Your programmer is going to quit
When an organization evaluates to what degree they should incorporate open-source dependencies into their next project, it is easy to fear software floating around the internet written by people you’ve never met. Your own employees are very real, and human, and nearby. They seem somehow permanent, even though average employee tenure in the IT sector is extraordinarily low. At Google, for example, which pays $107k salary on average with its legendary perks, only 50% of its employees stay for more than one year. Losing key employees and their knowledge is an inherent liability in hiring high-value workers; continuing the project of a programmer who no longer exists is extremely hard, regardless of how smart you are. Relying on any single vendor or employee carries plenty of risks. In the context of this reality, relying on hundreds of people all over the world to share in the construction and maintenance of an important software tool might seem somewhat less risky.
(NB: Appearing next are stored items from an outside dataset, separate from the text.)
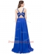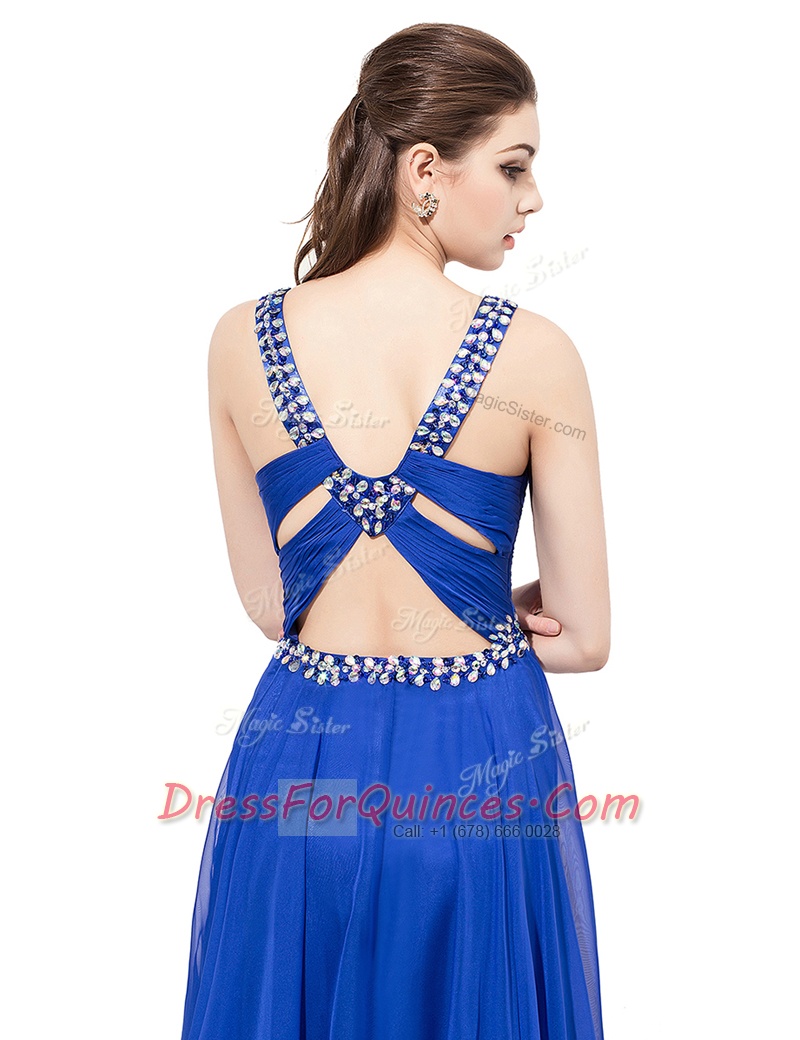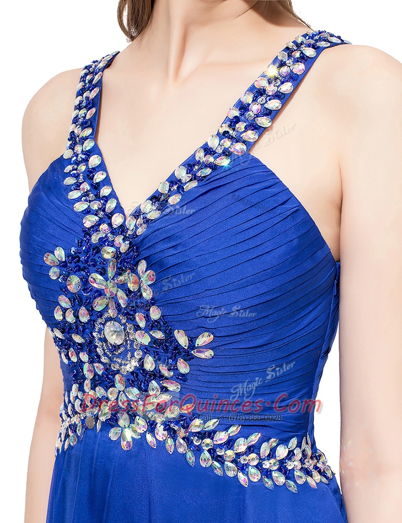 Stunning V-neck Sleeveless Sweep Train Criss Cross Homecoming Dress Royal Blue Chiffon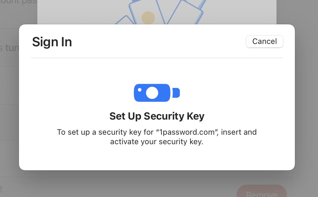 除了 FIDO2,U2F 则是另一个使用更为广泛的加密类型,不过正如前面所说的那样只能用于两步认证,如果你之前在添加通信密钥的时候见到了下面这样的画面,那就意味着这个服务和网站采用的是 U2F 加密类型。比如 1Password 目前就只能接受传统的安全密钥,又比如 Apple 在 16.3 中推出的 Apple ID 安全密钥机制也是如此。大家可以参阅 Yubikey 官网的 相关信息 以进一步确认兼容性。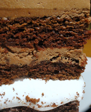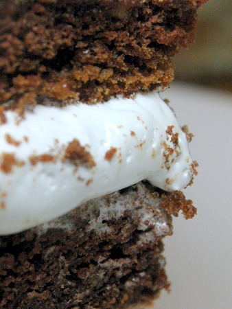 Seriously enticing waves. Don't you just want to put a finger through the computer screen and catch that cascade of sweet goodness? Better yet, put your whole hand through and take the piece of cake. Grab a fork and glide though the ganache, scooping up cake and Fluff, too. You'll travel back to your youth, your first love of chocolate, my forever love: milk chocolate.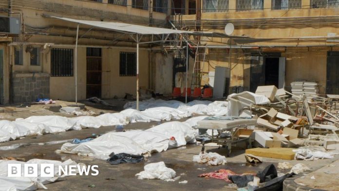BBC / Jon Donnison White plastic sheets cover bodies in the carpark of a hospital in Suweida. There is debris of chairs and hospital beds scattered across the ground tooBBC / Jon Donnison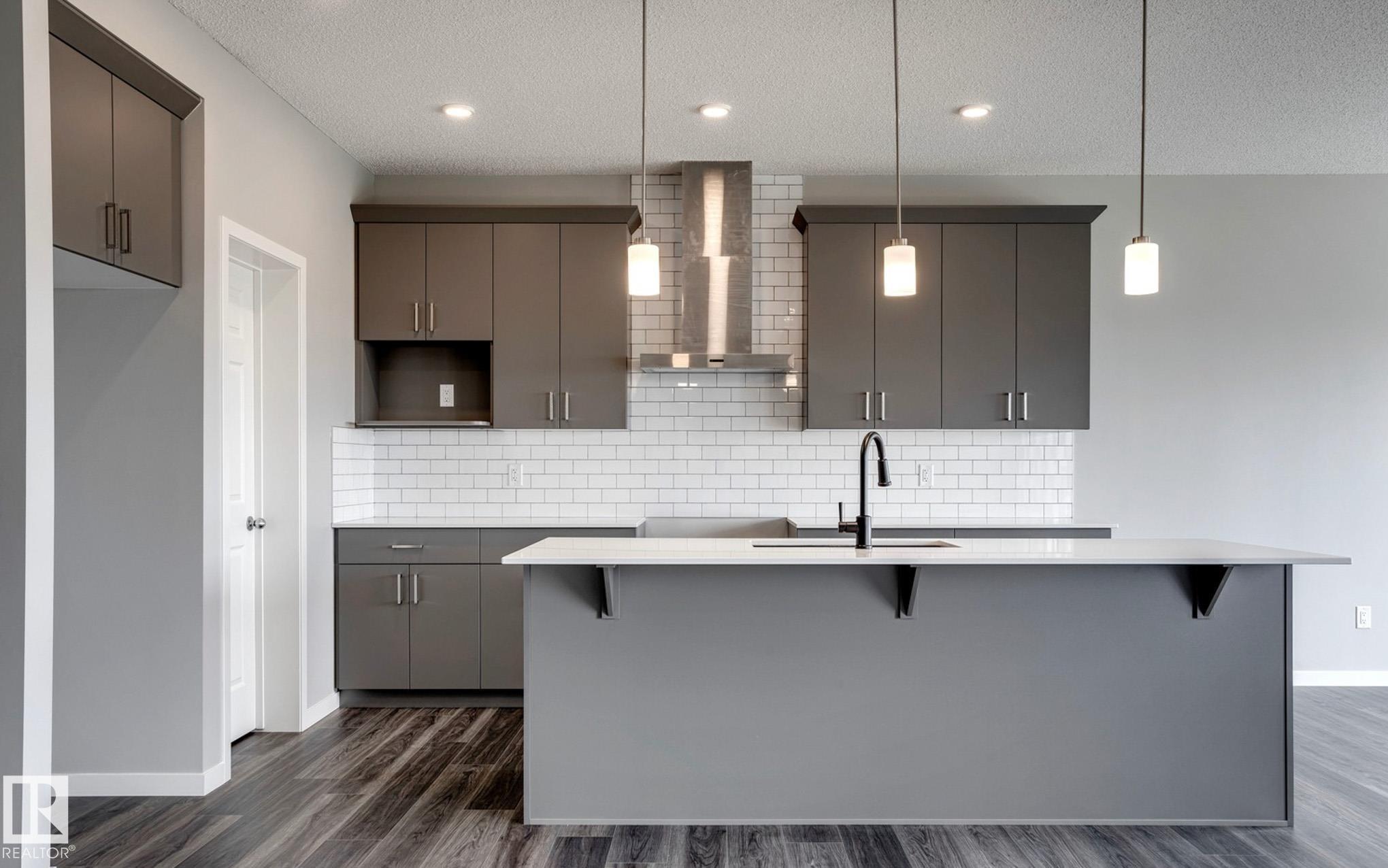 Built by Sterling Homes, this front-attached home in Rivers Edge delivers exceptional flexibility for growing or multi-generational families. A main-floor bedroom sits beside a full 3-piece bath with a glass-door shower, offering rare convenience. The open-concept great room and dining nook are filled with natural light, while the kitchen features quartz counters, a large island, upgraded cabinetry, full-height backsplash, chimney hood fan, built-in microwave, and an adjoining spice kitchen. Upstairs, the primary suite includes a spacious walk-in closet and a 5-piece ensuite with double sinks, a soaker tub, and a glass-door shower. A central bonus room, upper-floor laundry, full bath, and three additional bedrooms complete the layout. With luxury vinyl plank flooring, upgraded railings, a separate side entrance, garage floor drain, and basement rough-ins, this home blends comfort and practicality in a community surrounded by river-valley nature.

Re-inventing the Wheel is Expensive
I love programming. The only thing I love more than programming is not programming. I realize that almost everything I’m going to do exists already in some form; I’ll probably be more productive by taking the work of someone else and building on it, and relying on the collective experience of the other users to help vet the tool, grind out the serious bugs, and collaborate to resolve questions and issues. I get to leverage Adam Smith-style labor specialization, where people who have more in-depth domain-specific expertise have already built something better. The alternative is
Old School
The mindset that everything should be built in house is old-school. Even if you don’t agree that there must exist a provably optimal way to build software, it’s not hard to see that trying to build things in-house that already exist – also called re-inventing the wheel – is going to cost you more time and money than is necessary. Consider whether it’s more effective to depend on and contribute to software that’s already supported or trying to cultivate and pay for an in-house employee or a team to build some novel, probably inferior thing. The business will have to bear the costs of QA and maintenance forever, but the employees who signed up for this responsibility will be long gone. And they know it.